= Hubert Lewis (jurist) =

British barrister and jurist (1825–1884)

Hubert Lewis (1825–1884) was a British barrister and jurist, now known for his historical work The Ancient Laws of Wales published in 1889.

==Early life==
Born on 23 March 1825, he was the second son of Walter Clapham Lewis of Upper Norland House, Kensington. He was educated privately, and in December 1844, entered Emmanuel College, Cambridge, where he obtained a scholarship, and graduated B.A. in 1848. His father's will of 1865 gives his residence as Ripon.

==Career==
Lewis entered the Middle Temple in May 1851, and was called to the bar in 1854. He practised conveyancing and equity law, first at Bradford, where he went the northern circuit and attended the West Riding sessions, and subsequently in London.

==Death==
Lewis died unmarried on 6 March 1884 at Margate, and was buried in the cemetery there.

==Works==
The Ancient Laws of Wales, 1889, was published posthumously under the editorship of John Edward Lloyd. This labour of love was intended to show that the English constitution and law of real property were largely based on early British institutions. Lewis argued from material found in the Laws of Hywel Dda and The Record of Caernarvon (i.e. Harleian Manuscripts 696), the evidence of place-names, and questionable etymological reasoning. Thomas Jones Pierce wrote in the Dictionary of Welsh Biography that "The value of this work as a pioneer study in Welsh jurisprudence - and particularly as an attempt at a comparative study of institutions - has never been adequately appreciated."

Huw Pryce wrote:

This editorial work compelled Lloyd to immerse himself in Welsh law: as he later recalled, 'I gave a great deal of time to it when I was at Aberystwyth and found that it had endless ramifications'.
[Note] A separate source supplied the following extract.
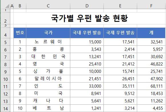 국가명 필드를 ‘균등분할’ 기능을 이용하여 열 너비에 맞게 맞추는 작업을 하겠습니다
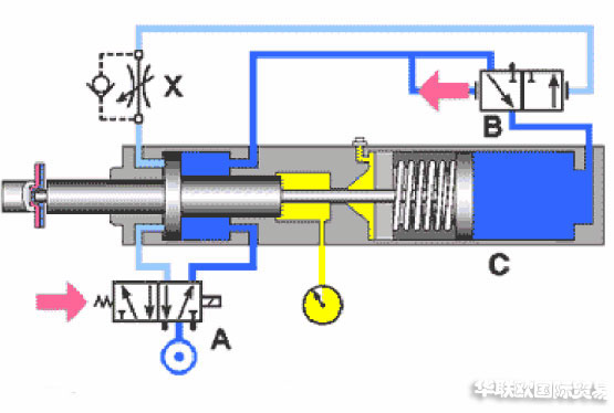 單作用缸:當(dāng)僅在一個(gè)方向需要推力時(shí),可以采用一個(gè)單作用缸;

Lloyd himself later dismissed Lewis's treatment

as largely worthless, which may explain why, c.1898, he started to write a book of his own [...]

Lewis was also the author of:

- Principles of Conveyancing, 1863.
- Principles of Equity Drafting, 1865

The sixth edition of George Goldsmith's The Doctrine and Practice of Equity', was almost entirely rewritten by Lewis in 1870. He left in manuscript works on "Local Nomenclature" and related topics.